According to the keel effect page on Wikipedia it is the rolling moment created by the fuselage and vertical surfaces in a sideslip if the center of pressure is vertically offset from the center of gravity.
Functions of a keel
The keel of a ship (besides shifting the center of gravity below the metacenter) provides a stabilizing side force when the ship rolls. The same is achieved by a tail surface, but in aviation this is called roll damping. The much larger wing tends to dominate roll damping, so the effect of the vertical surface is small.
The next task of the keel is to balance the side force and rolling moment from the sails in crosswind conditions. It does this by letting the boat build up a sideslip condition until the side force from the keel and hull balances the side force from the sails, and the rolling moment from the side force and from heeling balances the rolling moment from the sails. The keel effect is this rolling moment due to a sideslip condition.
A few aircraft with very small wings and large vertical surfaces do indeed suffer from excessive moments created by side loads on those vertical surfaces. The best known of those is probably the Lockheed F-104 Starfighter. The massive tail on the upswept rear fuselage made 10° anhedral necessary to get the sideslip-induced rolling moment right.
Pendulum effect
The Wikipedia page also mentions the pendulum effect and calls both the fuselage contribution to the dihedral effect.

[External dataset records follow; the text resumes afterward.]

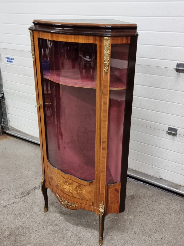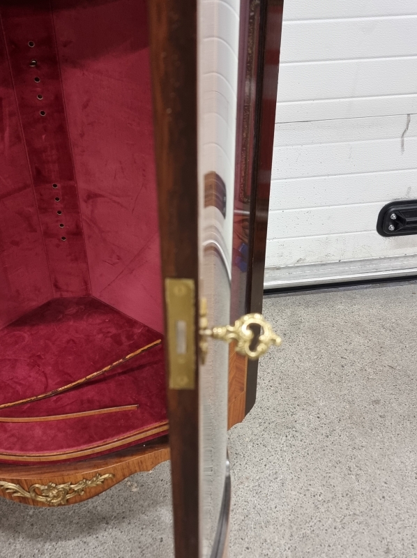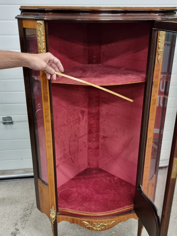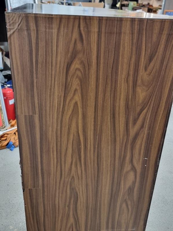 Hyllyjen koristeet irti, yksi hyllynkannake puuttuu. Sivun syvyys 54cm, kork. 140cm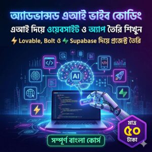 Advanced AI Vibe Coding – AI দিয়ে অ্যাপ, ওয়েবসাইট ও ই-কমার্স তৈরি (সম্পূর্ণ বাংলা কোর্স)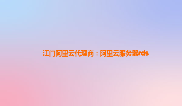 江门阿里云代理商:阿里云服务器RDS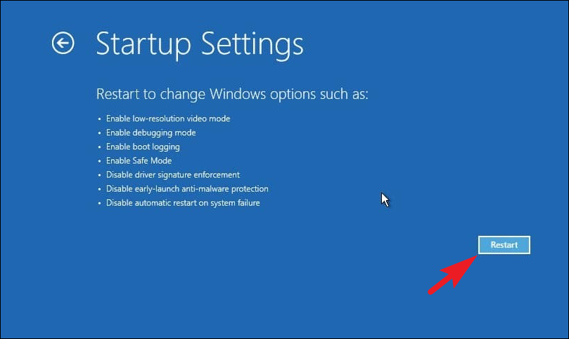 Step 8: Click on Restart to proceed to the Startup Settings menu.

Man, if there is ever a competition for the most misleading name of an effect, this would be the winning entry.
A pendulum is a mass mounted below the pivot or the metacenter, so it will stabilize in the down position. It seems the adherents of the pendulum effect belief believe that the plane is somehow hinged at the center of the wing. This is so wrong! A flying aircraft is not hinged, so all motion is around the center of gravity.
This is different with airships: As @JanHudec points out in the comments, the buoyancy of the lifting gas always works against gravity whereas the lift of a wing acts perpendicular to its span and the airspeed. This does produce a moment when the airship rolls, and the heavy gondola is pulled down by the same effect which pulls down a pendulum. Also, due to an airship's low density (by definition very close to the density of the air it displaces) the aerodynamic side forces on an airship are much larger compared to the inertial forces. This lets the airship effectively pivot around a point near the center of the envelope. Note that airships have no means of roll control - it is just gravity which ensures that the gondola stays on the lower side of the hull.
Now you can argue that the same is true for aircraft, only with much smaller aerodynamic forces. Yes, but those side forces are vanishingly small in comparison to the wing's aerodynamic forces which, again by definition, are close to the weight of the aircraft. A small change there will completely dominate the picture, and the small loads on the fuselage are just a rounding error. By moving the control surfaces, the pilot can shift the lift vector around almost as he/she likes, and the forces on the fuselage are insignificant.
Note that knife edge flight, a situation when the side force on the fuselage really is close to the aircraft's weight, needs lots of fuselage area and a powerful engine. Fuselage loads in normal flight are a fraction of those in knife edge flight.